Oliver Feng (University of Cambridge)
Title: Nonparametric, tuning-free estimation of S-shaped functions
Abstract: We consider the nonparametric estimation of an S-shaped regression function. The least squares estimator provides a very natural, tuning-free approach, but results in a nonconvex optimisation problem, since the inflection point is unknown. We show that the estimator may nevertheless be regarded as a projection onto a finite union of convex cones, which allows us to propose a mixed primal-dual bases algorithm for its efficient, sequential computation. After developing a general projection framework that demonstrates the consistency and robustness to misspecification of the estimator, we prove worst-case and adaptive risk bounds for the estimation of the regression function, in the form of sharp oracle inequalities, and establish bounds on the rate of convergence of the estimated inflection point. These theoretical results reveal not only that the estimator achieves the minimax optimal rate for both the estimation of the regression function and its inflection point (up to a logarithmic factor in the latter case), but also that it is able to achieve an almost-parametric rate when the true regression function is piecewise affine with not too many affine pieces. Simulations also confirm the desirable finite-sample properties of the estimator.
Piotr Fryzlewicz (LSE)
Title: Narrowest Significance Pursuit: inference for multiple change-points in linear models
Abstract: We propose Narrowest Significance Pursuit (NSP), a general and flexible methodology for automatically detecting localised regions in data sequences which each must contain a change-point, at a prescribed global significance level. Here, change-points are understood as abrupt changes in the parameters of an underlying linear model. NSP works by fitting the postulated linear model over many regions of the data, using a certain multiresolution sup-norm loss, and identifying the shortest interval on which the linearity is significantly violated. The procedure then continues recursively to the left and to the right until no further intervals of significance can be found. The use of the multiresolution sup-norm loss is a key feature of NSP, as it enables the transfer of significance considerations to the domain of the unobserved true residuals, a substantial simplification. It also guarantees important stochastic bounds which directly yield exact desired coverage probabilities, regardless of the form or number of the regressors. NSP works with a wide range of distributional assumptions on the errors, including Gaussian with known or unknown variance, some light-tailed distributions, and some heavy-tailed, possibly heterogeneous distributions via self-normalisation. It also works in the presence of autoregression. The mathematics of NSP is, by construction, uncomplicated, and its key computational component uses simple linear programming. In contrast to the widely studied “post-selection inference” approach, NSP enables the opposite viewpoint and paves the way for the concept of “post-inference selection”. Pre-CRAN R code implementing NSP is available at https://github.com/pfryz/nsp.
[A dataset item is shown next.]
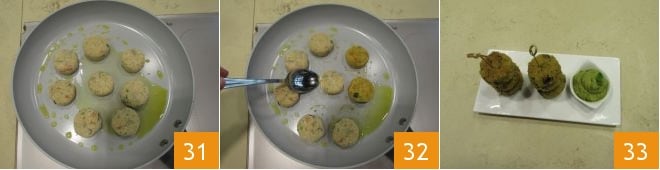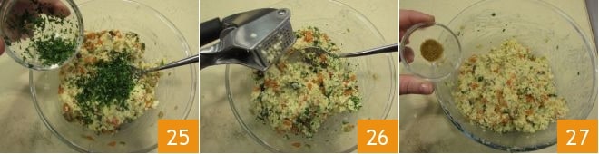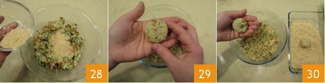 Finally, add 1/2 cup of gluten-free breadcrumbs 28 to achieve a consistency suitable for shaping the balls. Then shape the small balls 29 by taking about 1 oz of mixture at a time and forming a round and slightly flattened shape, then roll each ball in breadcrumbs 30 and continue until the dough is finished.

Ilmun Kim (University of Cambridge)
Title: Minimax optimality of permutation tests
Abstract: Permutation tests are widely used in statistics, providing a finite-sample guarantee on the type I error rate whenever the distribution of the samples under the null hypothesis is invariant to some rearrangement. Despite its increasing popularity and empirical success, theoretical properties of the permutation test, especially its power, have not been fully explored beyond simple cases.
In this talk, we attempt to fill this gap by introducing a general framework for analyzing the non-asymptotic power of the permutation test. Our framework will be illustrated in the context of two-sample and independence testing under both discrete and continuous settings. In each setting, we introduce permutation tests based on U-statistics and study their minimax performance. This talk is based on joint work with Sivaraman Balakrishnan and Larry Wasserman.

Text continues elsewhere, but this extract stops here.